**TASK GOAL:**
Reproduce the entries word for word but drop every picture.

(Beginning of RECORDS FOR PROCESSING)

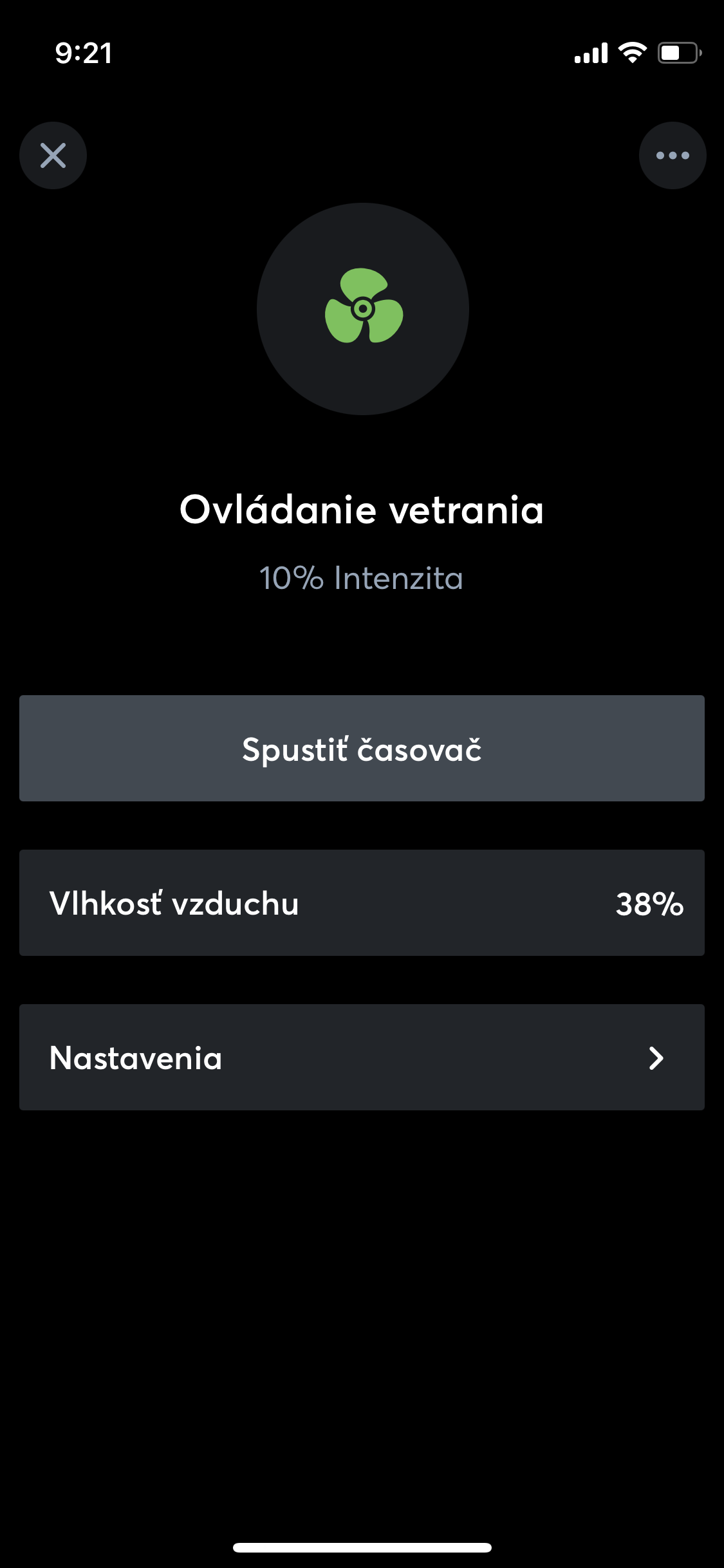 Sledujte aktuálny stav ventilácie alebo si nastavte svoj vlastný režim podľa potreby.
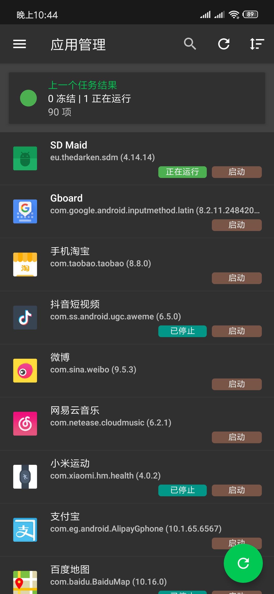 「SD女佣」的应用管理可以让你启动、结束、强行停止应用,导出 APK 文件,及冻结、重置以及卸载应用程序等。
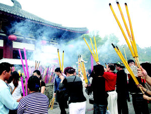 游客在“烧高香”(资料图片/图片来源:中国旅游报)
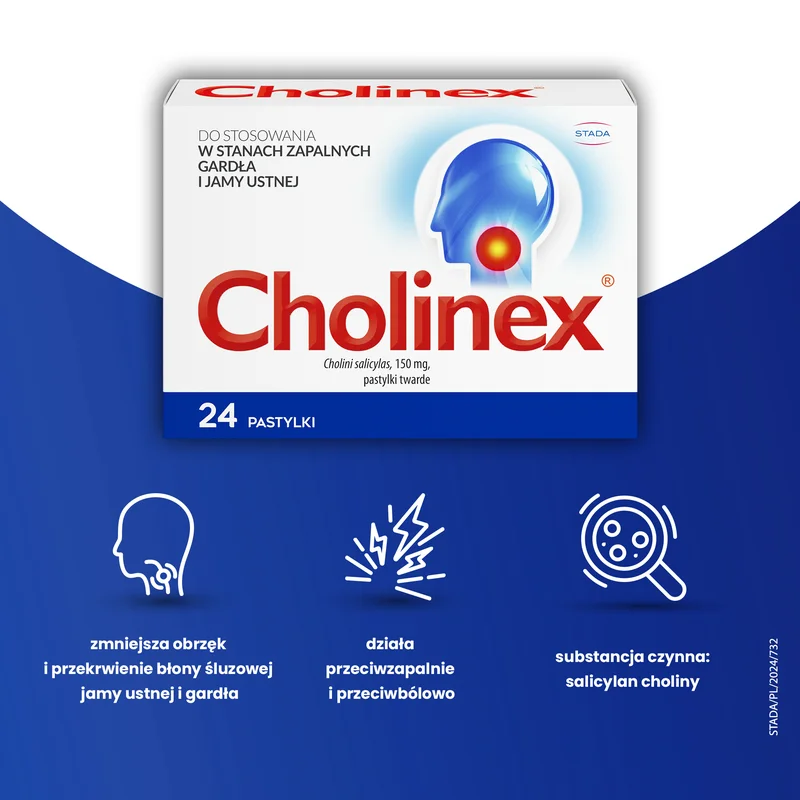 Cholinex pastylki do ssania na ból gardła 24 sztuki
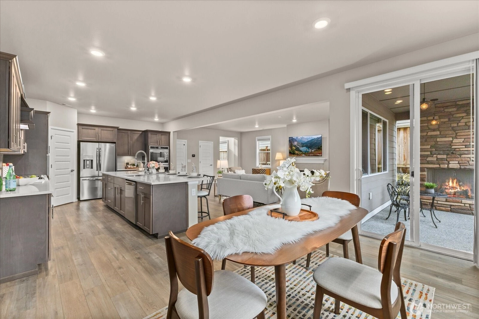 Welcome to this stunning 4 bedroom, 2.5 bath home with a spacious loft, offering one of the community’s most sought-after floorplans. Flooded with natural light, the open-concept living area features a cozy indoor gas fireplace and flows seamlessly into a chef-inspired kitchen with a 12-foot island, quartz countertops, and stainless steel appliances...perfect for everyday living and entertaining. Step outside to an exceptional outdoor retreat complete with a louvered pergola, stone paver patio, and a second gas fireplace, creating year-round enjoyment. Additional highlights include electric car charging, generous storage, and a location within a highly desirable neighborhood known for its community feel and convenience. This home blends modern comfort, thoughtful upgrades, and standout indoor-outdoor living in a truly special setting.
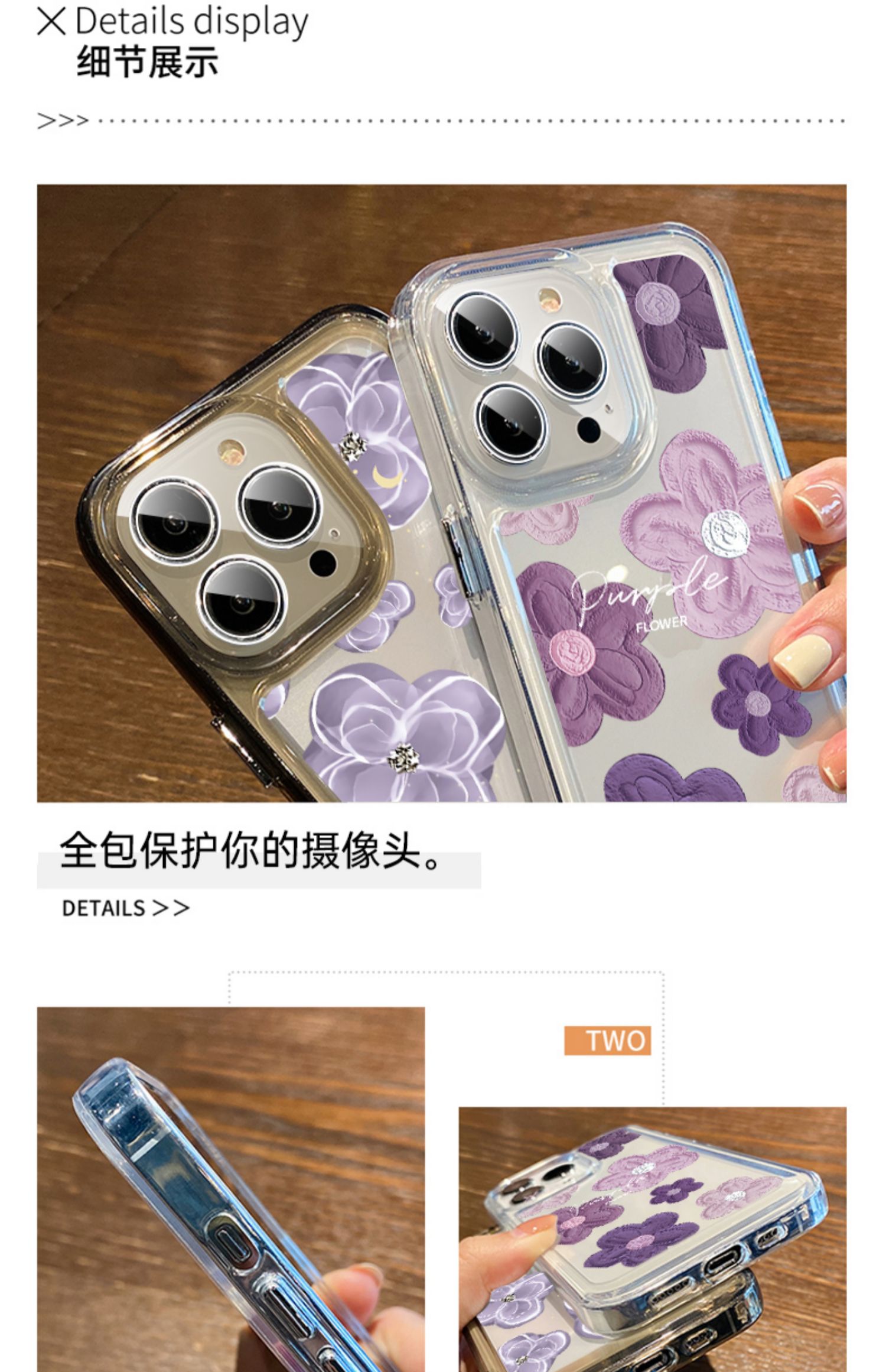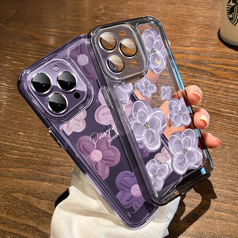 酷圖適用蘋果14promax手機殼新款油畫花朵iPhone14pro自帶鏡頭膜保護套13全包plus個性透明防摔12高級感pm女
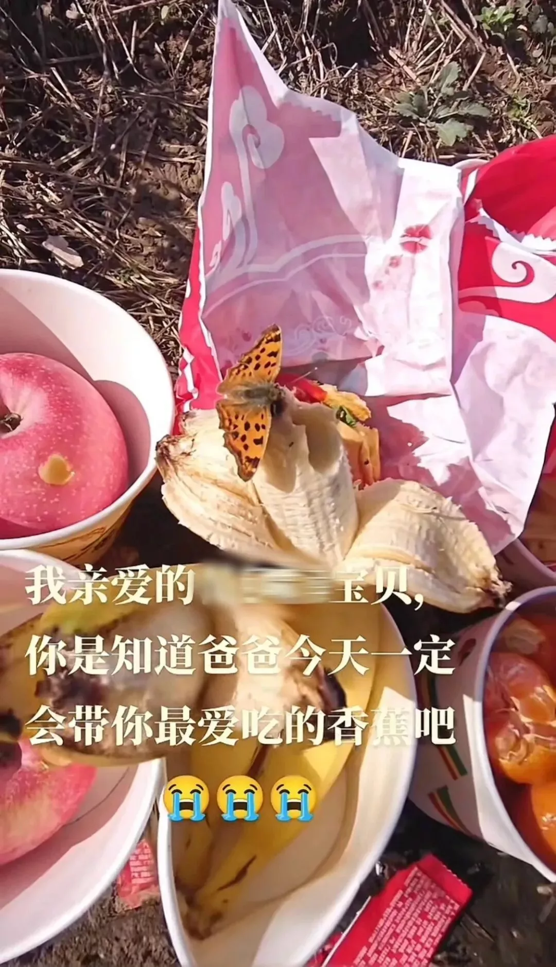 印象深刻的是2025年10月1日,他去给孩子上坟时,突然有只蝴蝶落在孩子生前最喜欢吃的香蕉上,直到他们离去都没飞走。
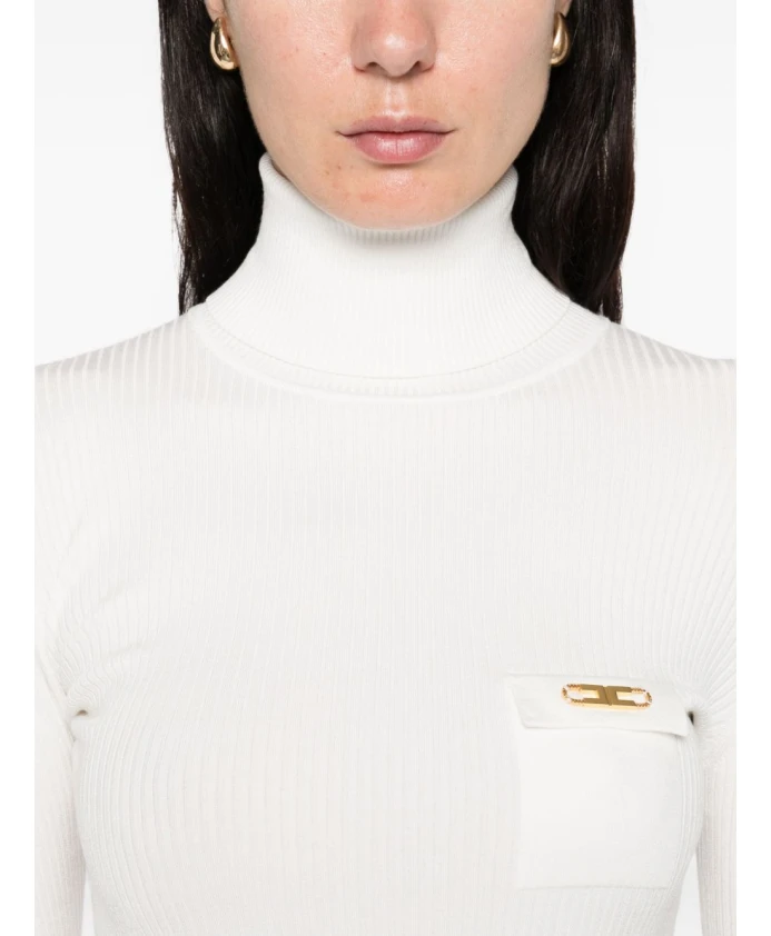 Ребристый свитер с высоким воротником Elisabetta Franchi, белый

(End of RECORDS FOR PROCESSING)

**SOLUTION:**
 Sledujte aktuálny stav ventilácie alebo si nastavte svoj vlastný režim podľa potreby.
 「SD女佣」的应用管理可以让你启动、结束、强行停止应用,导出 APK 文件,及冻结、重置以及卸载应用程序等。
 游客在“烧高香”(资料图片/图片来源:中国旅游报)
 Cholinex pastylki do ssania na ból gardła 24 sztuki
 Welcome to this stunning 4 bedroom, 2.5 bath home with a spacious loft, offering one of the community’s most sought-after floorplans. Flooded with natural light, the open-concept living area features a cozy indoor gas fireplace and flows seamlessly into a chef-inspired kitchen with a 12-foot island, quartz countertops, and stainless steel appliances...perfect for everyday living and entertaining. Step outside to an exceptional outdoor retreat complete with a louvered pergola, stone paver patio, and a second gas fireplace, creating year-round enjoyment. Additional highlights include electric car charging, generous storage, and a location within a highly desirable neighborhood known for its community feel and convenience. This home blends modern comfort, thoughtful upgrades, and standout indoor-outdoor living in a truly special setting.
 酷圖適用蘋果14promax手機殼新款油畫花朵iPhone14pro自帶鏡頭膜保護套13全包plus個性透明防摔12高級感pm女
 印象深刻的是2025年10月1日,他去给孩子上坟时,突然有只蝴蝶落在孩子生前最喜欢吃的香蕉上,直到他们离去都没飞走。
 Ребристый свитер с высоким воротником Elisabetta Franchi, белый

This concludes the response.